The director knows this world well: a grandmother and cousin both worked as prostitutes, and she tackled the subject already in her 2016 film Sex Doll.

Her new film stands in deliberate contrast to previous tellings, especially the erotic film of the same name from 1977, by Emmanuelle director Just Jaeckin. 

“I think our era is much more ready for the reality and to put an end to the stereotypes of those years,” said Verheyde.

The sex in her film is deliberately unerotic: “This isn’t love, they are working!”

Grudet’s success did not last: she was twice convicted and imprisoned, first for tax evasion and then for a short-lived attempt to restart her prostitution racket in the 1990s. 

She lived out her days in relative modesty in a small apartment on the south coast, estranged from her daughter, dying alone in 2015 at the age of 92. 

But in her heyday, the mythology of Madame Claude was about more than sex, in which she herself claimed to have little interest. 

Sex was a tool: a route into high society and to freedom in a man’s world. “There are two things that people will always pay for:  food and sex. I wasn’t any good at cooking,” she famously said.

“For my own mother, who came from a working-class background and moved to Paris, Madame Claude was a role-model,” said Verheyde. 

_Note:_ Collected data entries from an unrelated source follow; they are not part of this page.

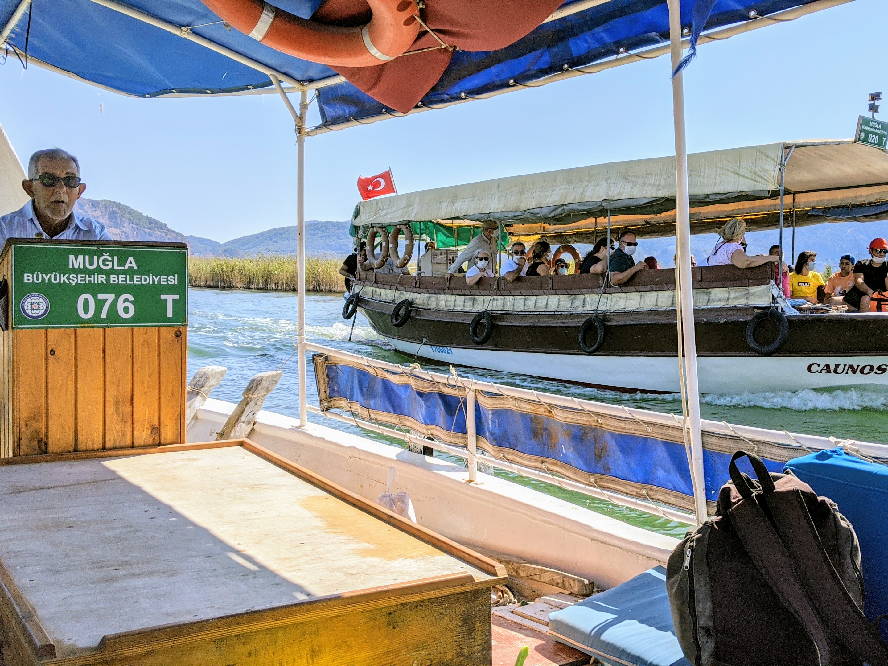 After Datca peninsula, our next destination was Kabak Valley – a great place on the coast, south of Fethiye and Oludeniz: a bit later I will tell more about Kabak Valley. But first and en route we decided to visit Dalyan – the coastal town in Mugla province, between Marmaris and Fethiye. Dalyan attracts plenty of tourists and there are at least three reasons for this. The first is Iztuzu beach – a narrow and long (4.5 km) spit of land, which forms a natural barrier between the fresh water delta of the Dalyan river and Mediterranea sea. Hence, when visiting the beach, you can take a nice swim in both salt and fresh water. But the most important thing about Iztuzu beach is that it is one of the main breeding grounds for loggerhead sea turtles (Caretta caretta). Therefore, it is also often referred to as Turtle Beach. The second reason to visit Dalyan are the ruins of the ancient trading city of Kaunos and Lycian tombs dating back to circa 400 BC. Their facades are cut into the sheer cliffs above Dalyan river which is the third reason to visit Dalyan. Indeed, the river flows through the town and then splits into many channels surrounded by swamps and forming the river’s delta. Taking a small ferry boat from Dalyan is the best way to check out all three major attractions: to visit Iztuzu beach, to see the facades of the tombs and simply enjoy the ride through the swamps and channels. We decided to splurge and, instead of going with the group of other tourists, hired our very own vessel.
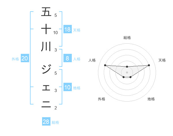 五十川 ジェニさんを姓名の画数から五運を鑑定
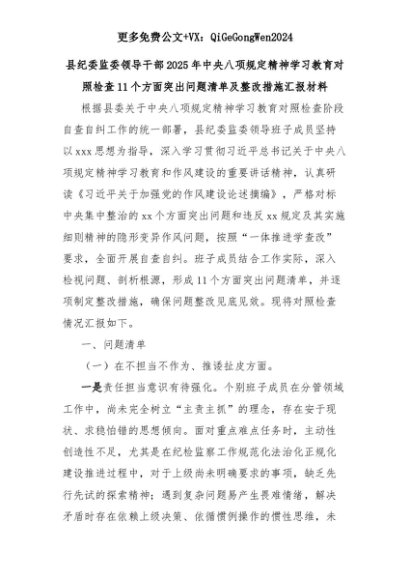 【七哥公文】2025年:县纪委监委领导干部2025年中央八项规定精神学习教育对照检查11个方面突出问题清单及整改措施汇报材料+更多免费公文+VX:QiGeGongWen2024+更多免费公文+VX:QiGeGongWen2024
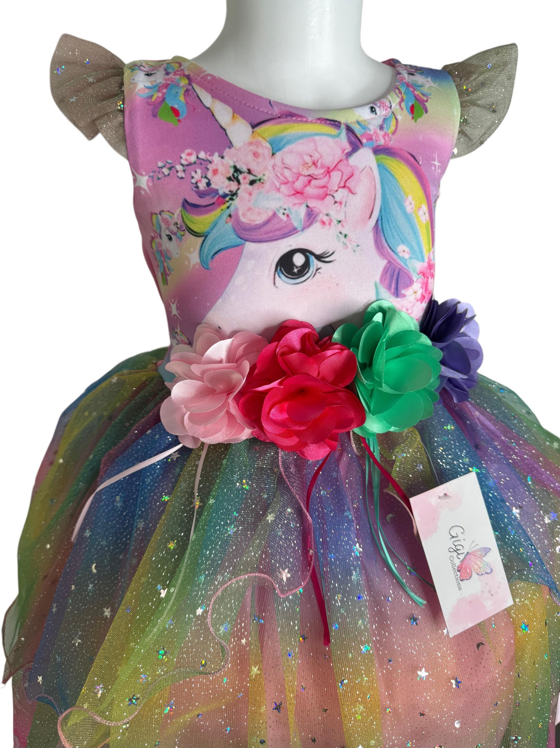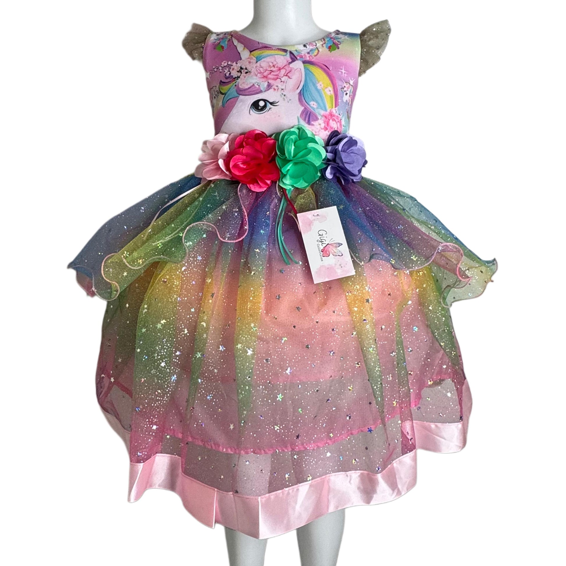Bring a touch of magic to your little one’s special day with this Unicorn Rainbow Tutu Dress. Designed with sparkling layers of rainbow tulle, a soft satin lining, and a beautiful unicorn print bodice, this dress is perfect for birthdays, parties, photoshoots, and dress-up fun.
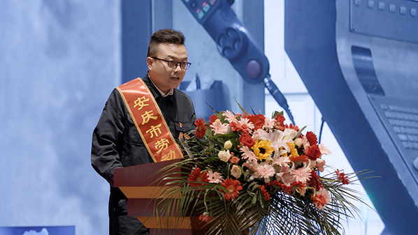 活动现场,视频展播了全国劳动模范单德森同志坚守输电线路运维工作二十多个年头,争做匠心路上的取经人,保障电网健康运行,荣获过中国电力企业QC成果一等奖等多项创新成果奖;安徽省五一劳动奖章获得者舒畅同志刻苦钻研、勇于创新、追求卓越的职业品质践行了工匠精神,获得中国棉纺织行业传承大工匠、中国纺织行业设备维修大工匠等多个国家级大工匠称号。安徽省劳动模范彭一言同志爱岗敬业,争创一流,牵头创新地建成了安徽省第一个市县一体化的城市大脑平台,打通信息孤岛、实现资源共享。安徽省技术能手、安庆市劳动模范杨俊同志勤勉刻苦、擅长数控设备操作、调试的技术多面手,一次次破解困扰生产的技术难题,多次在省市各级技能大赛荣获奖项。
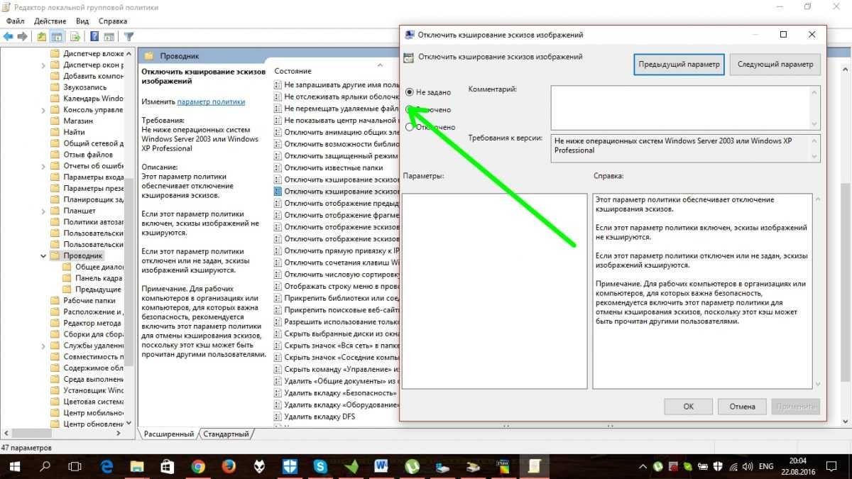 Если вам нужно отключить создание миниатюр на всех компьютерах в домене, воспользуйтесь групповыми политиками. Об этом ниже.
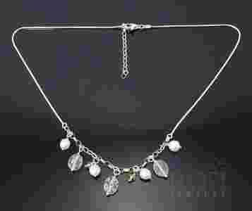 Srebrny łańcuszek z perłą i szkłem Murano
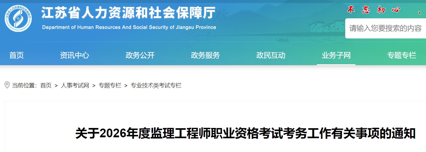 根据人力资源和社会保障部人事考试中心《关于2026 年度监理工程师职业资格考试考务工作的通知》(人考中心 函〔2026〕3号)和省人力资源社会保障厅《关于进一步加 强我省专业技术资格考试资格审查工作的通知》(苏人社发 〔2018〕383号)精神,为做好我省2026年度监理工程师职 业资格考试工作,现将有关事项通知如下:
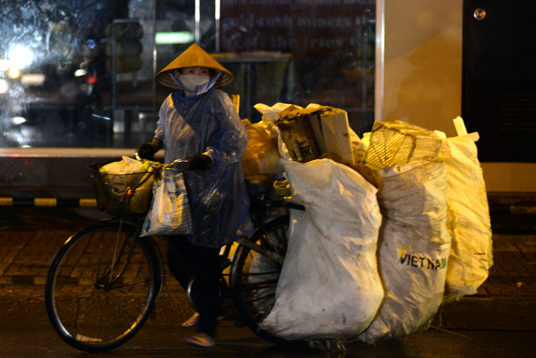 Người phụ nữ quê miền Trung này vào Sài Gòn làm nghề lượm ve chai. “Vô đây lượm ve chai còn có đôi đồng chứ ở quê làm ruộng cực mà không đủ ăn chú ơi. Chăm chỉ làm, ăn uống tằn tiện cũng dư được ít gửi về quê cho con đóng tiền học”, chị tâm sự.
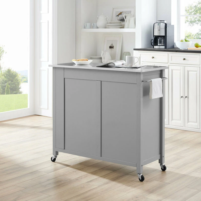 Crosley Savannah Stainless Steel Top Full-Size Kitchen Island Cart, Gray
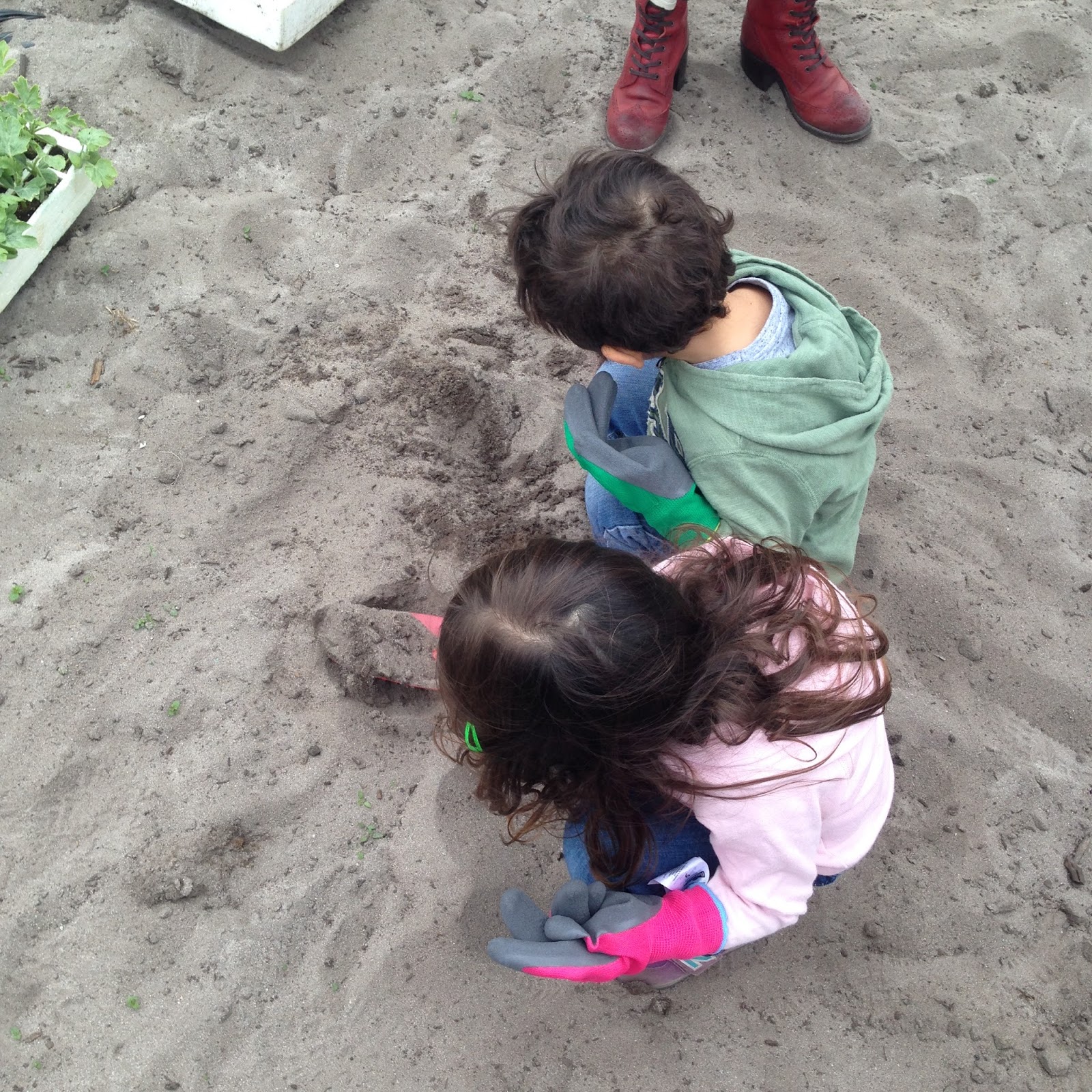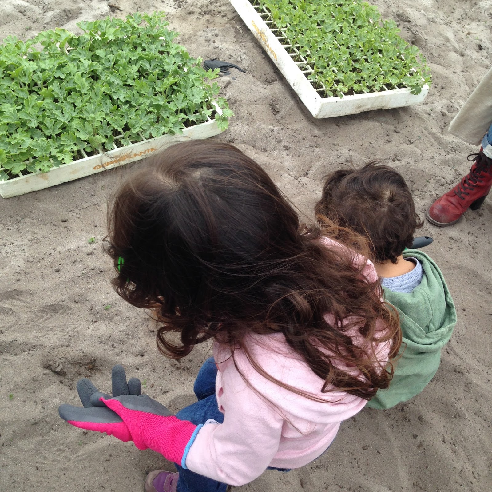 Passaram imenso tempo a brincar, enquanto toda a logística da plantação estava a ser ultimada, e assim que nos chamaram para pegarmos nos utensílios, correram para calçar luvas e pegar em pás e ancinhos!

“I found that delusional, but actually, for a woman of her generation and her class, there were few successful female role-models with which to identify,” she said. 

‘Hate, rage’

The part is played by Karole Rocher, known for hard-edged roles, particularly as a detective in hit show Braquo

“Female gangster roles are still pretty rare,” said Rocher. “It’s interesting to play, for once, a female character that has this hate, this rage that we normally associate with men. A role that is so bitter, so unsympathetic, without being sexualised — I love it.”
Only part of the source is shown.